Problem to work on - Word for word, output every line of the material below, minus pictures.

Recorded information -
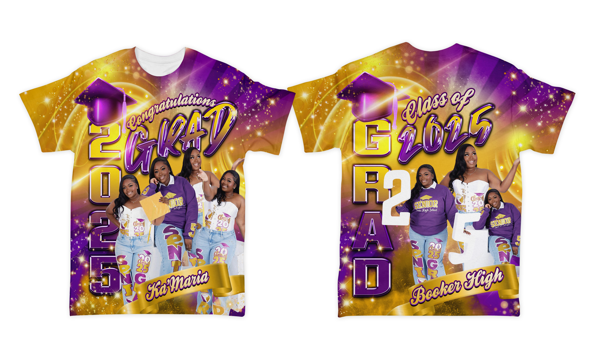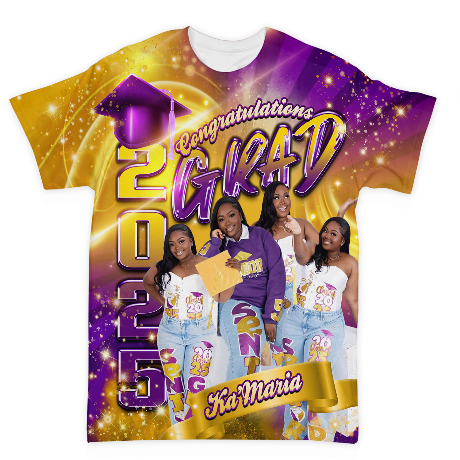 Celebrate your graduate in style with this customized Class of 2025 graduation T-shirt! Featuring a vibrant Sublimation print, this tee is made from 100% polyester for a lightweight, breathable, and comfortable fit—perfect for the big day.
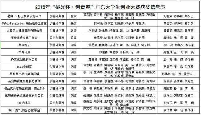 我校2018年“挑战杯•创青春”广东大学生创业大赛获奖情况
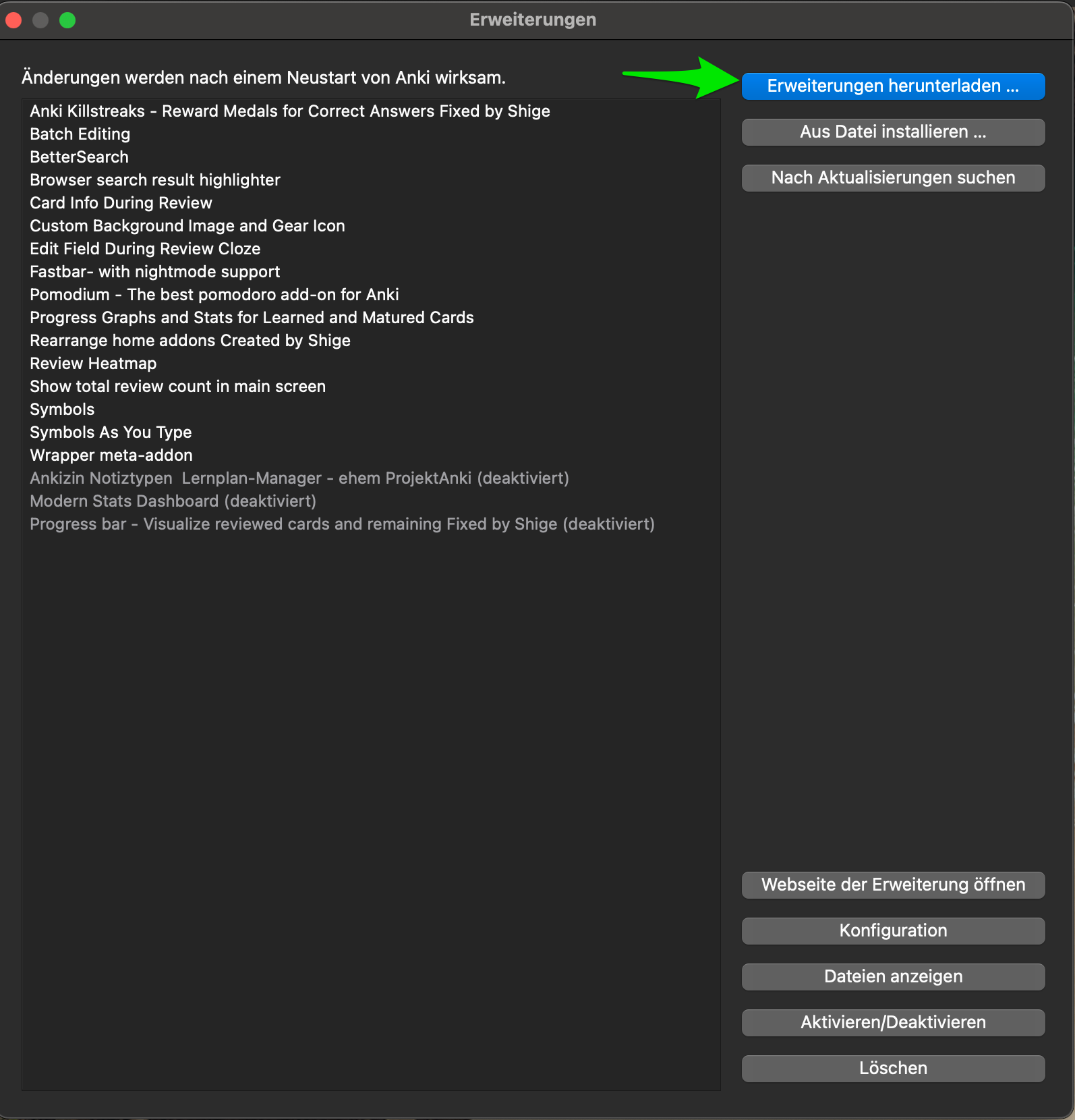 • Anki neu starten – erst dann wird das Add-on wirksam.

Solution to this task -
 Celebrate your graduate in style with this customized Class of 2025 graduation T-shirt! Featuring a vibrant Sublimation print, this tee is made from 100% polyester for a lightweight, breathable, and comfortable fit—perfect for the big day.
 我校2018年“挑战杯•创青春”广东大学生创业大赛获奖情况
 • Anki neu starten – erst dann wird das Add-on wirksam.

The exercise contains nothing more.